GAZA CITY, Gaza (CNN) -- "If you take pictures, I'll kill you! I'll kill you!" screamed a masked Fatah gunman, pointing his AK-47 assault rifle at my cameraman, Joe Duran.
"Calm down! Calm down!" I shouted back at him, turning to Joe to tell him to put the camera down.
Joe and I had ducked into a fruit and vegetable shop in Gaza City.
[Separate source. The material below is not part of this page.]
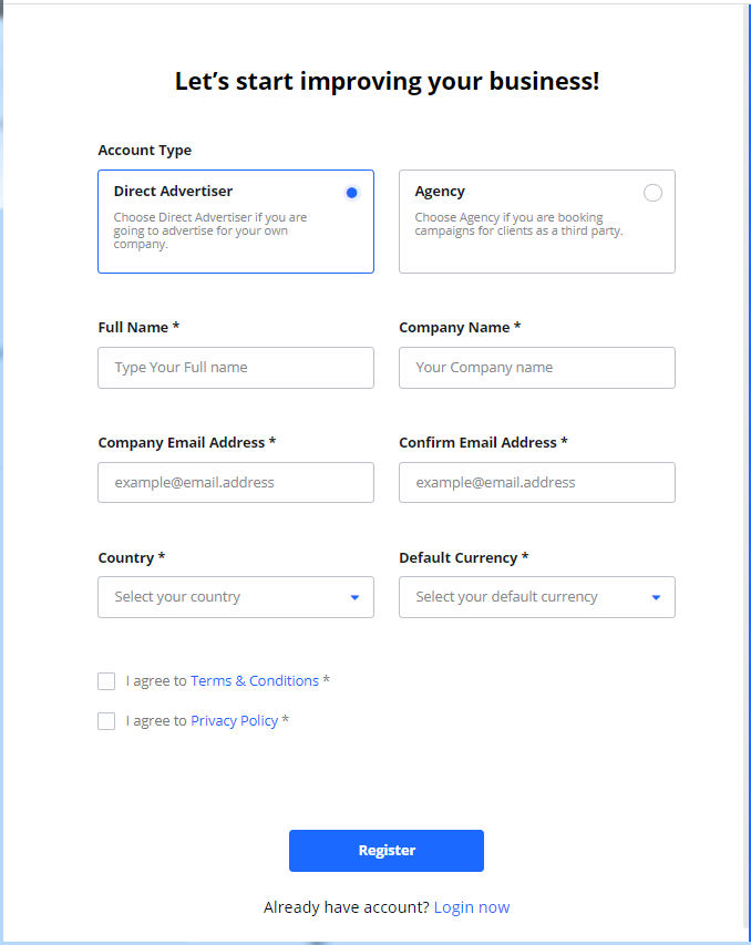 Select the account type that fits your business, Direct Advertiser or Agency.

We had been covering the funeral of a Fatah gunman killed in a clash with Hamas rivals when our third gunbattle of the day had broken out.
The gunman left, much to everyone's relief, and I put my small video camera on the floor and pressed the button to record the constant roar of machine gun fire, which went on for more than half an hour.
Earlier in the day, Joe and I were on a street corner videotaping Hamas militiamen when a jeep full of Fatah irregulars opened fire, just down the street from an elementary school.
As guns blazed, schoolchildren ran for cover.
I watched as shopkeeper Khadar Aliyan slammed shut the doors of his grocery store, the expression on his face one of fear and utter exasperation.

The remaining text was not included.